On election night, Dunlap looks at the unofficial results from across the state. If any race looks to finish without a candidate receiving at least 50% of the vote, ballots and digital voting machines are returned to the state capital. There, the ballots are fed into a scanner and the results are uploaded into an “Excel-like spreadsheet.” A winner is calculated quickly after that.
Alaska already has a similar return policy as part of its regular double-checking process.
Dunlap said Maine’s Legislature didn’t leave him much of a budget to teach state residents about the system, so he and his communications aide created a simple animation with a cheap online tool, then held town hall meetings across the state, driving from place to place.
“Every forum that I went to was standing room only,” he said.
It took until this year, the second election cycle under ranked-choice voting, for voters to become familiar with the system, he said, and proponents said the same thing.
But is it working?
When Maine’s measure became law, backers said it would make politics more civil by forcing elected officials toward the middle.
Mark Ellis, a former chairman of the Maine Republican Party, endorsed it for that reason.
“I was completely wrong about that,” Ellis said. “The races have just gotten nastier, particularly between the two major parties.”
Despite that, he still believes it’s a good system.
“The races where it’s applied and triggered, the person can take office knowing they have a majority, and I think that makes a difference with the way they govern,” he said.

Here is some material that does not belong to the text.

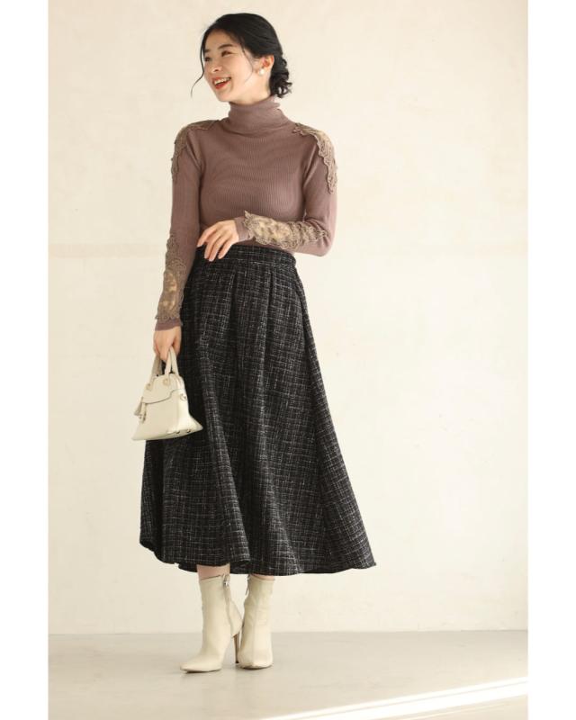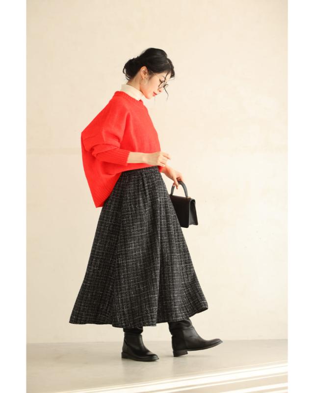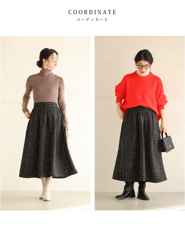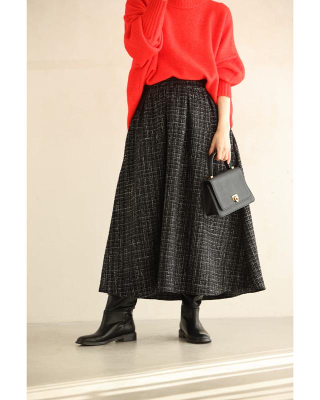 wkj00127 新作 新着 再入荷 CAWAII FRENCHPAVE フレンチパヴェ エレガント ベーシック カジュアル 可愛い かわいい カワイイ おしゃれ オシャレ お洒落 個性 個性的 定番 ベーシック 大人かわいい 大人可愛い 上品 女性らしい デザイン スタンダード ナチュラル きれいめ キレイめ シンプル フェミニン レディース レディースファッション 大人 ママ ミセス 30代 40代 50代 60代 上品な ツイードタック ミディアム スカート 後ろゴム ファスナー付 ワンサイズ Sサイズ Mサイズ Lサイズ フリーサイズ フリー 小さめ 小さめサイズ小さい 小さいサイズ 低身長 痩せ ほっそり 小柄 細身 標準サイズ 大きめシルエット 大きい 大きめ ビッグシルエット ぽっちゃり F サイズ自由 秋 冬 秋服 秋物 冬服 冬物 ブラック 黒 黒色 普段着 日常使い おでかけ

While the first elections under Alaska’s new system won’t take place until 2022, state lawmakers have said that it has the potential to affect matters immediately. Control of the state House and Senate is undecided, and because Ballot Measure 2 eliminates party-limited primary elections, it reduces the ability of party members to punish incumbent lawmakers who compromise.
“I, at least, think that will shape political behavior in Juneau ... because people no longer need to be concerned that a very unrepresentative part of the electorate will have the opportunity to remove them from office,” Kreiss-Tomkins said.
The extent to which that holds true remains to be determined.
“I think it’s exciting. It’s a brave new world for Alaska,” Kreiss-Tomkins said.